VerizonAOL has been off the radar for awhile, despite multiple attempts at reinvention. Now, they will likely finally make a comeback thanks to a deal with Verizon, one of the largest mobile providers in the world. Verizon will be purchasing AOL in full for $4.4 billion.

The basis behind the deal appears to be an attempt to step into mobile content and marketing, a natural area of interest for the major mobile service and product provider.

AOL will remain under their brand, which makes sense. Being one of the oldest names from the internet era, and one of the few still remaining after others have become defunct, it would be foolish to wipe out that reputation. But they will be a subsidiary of Verizon, overseeing LTE wireless and OTT video.

There will also be a lot of emphasis on digital advertising, a market that AOL has managed to corner well in spite of their ebbing popularity over the years. That has long since been the main source of income for the company, and offers a valuable opportunity for Verizon to take advantage.

This merger was quite costly, at $4.4 billion, or $50 per AOL share. But given the profitability of their advertising alone, and the increase in viability for online streaming content, it will be worth it.

While I can see why Verizon would want to do this – and why AOL would jump on the chance – I am always nervous when I see these mergers. You have two of the biggest names in tech combining, and Verizon is already well known for its uncomfortable monopoly of the US mobile market.

It is like the Comcast/Time Warner combo. You are just asking for trouble as even more power is given to a company that already has too many.

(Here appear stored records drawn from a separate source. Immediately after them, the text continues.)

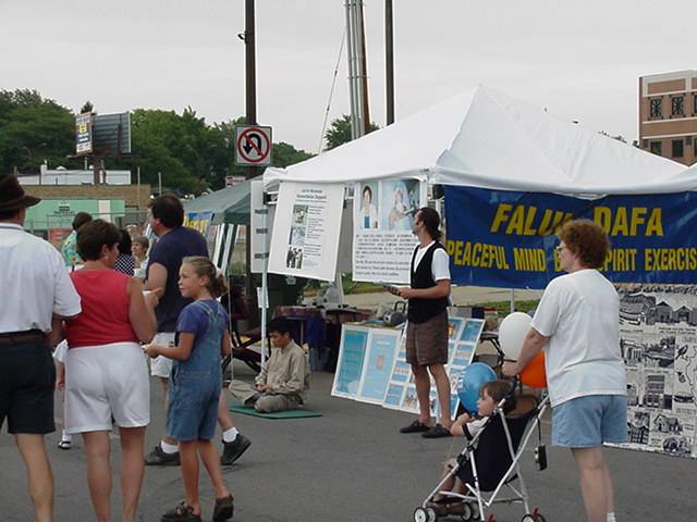 由于伊利诺伊州香槟大学在此的缘故,这里的居民很多元化。我们弘扬大法的展位在主街道上。许多人被我们展出的年青的北京教师法轮大法学员赵昕因坚持信仰而受迫害的照片所震惊,驻足观看并询问。其中很多人表示要给当地的国会议员打电话,建议关注法轮功修炼者在中国受迫害的情况。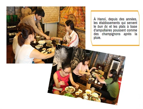 À Hanoï, depuis des années, les établissements qui servent le bun ôc et les plats à base d’ampullaires poussent comme des champignons après la pluie. Certains d’entre eux existent depuis longtemps et perpétuent le métier de générations en générations tels que le bun ôc de Hoe Nhai, le bun ôc de Mme Luong dans la rue Khuong Thuong et celui de Mme Huê, pour ne citer qu’eux.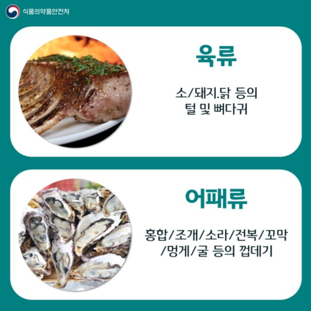 - 육류 : 소/돼지.닭 등의 털 및 뼈다귀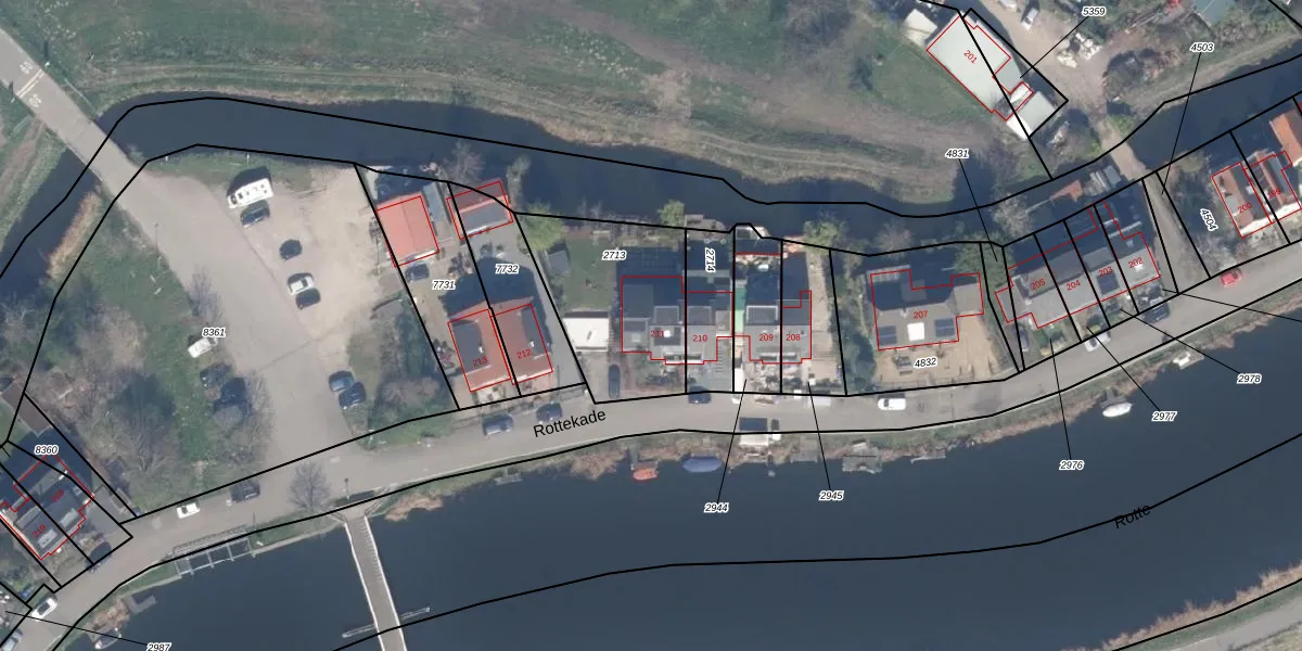 Het perceel waarop Rottekade 211 staat heeft een oppervlakte van 549 m². Dit is een groot perceel. De perceeloppervlakte wordt geregistreerd door het Kadaster. Gedetailleerde informatie over de maten van dit perceel kunt u vinden in het rapport Kadastrale kaart met maatvoering van Rottekade 211.

Verizon has been controversial over the years. They are against Net Neutrality, they have been at the center of the fight against companies like Netflix, and they have powerful lobbying groups looking after their interests (and those of their high-paid CEOs). Merging with AOL is a move to further expand their reach.

With their hopes of establishing a foothold in the world of digital content, their are clawing their way into a whole new industry. Considering their focus in the courts, that can’t be good. They want to dominate a new industry, and they might have just been given the weapon to do so successfully.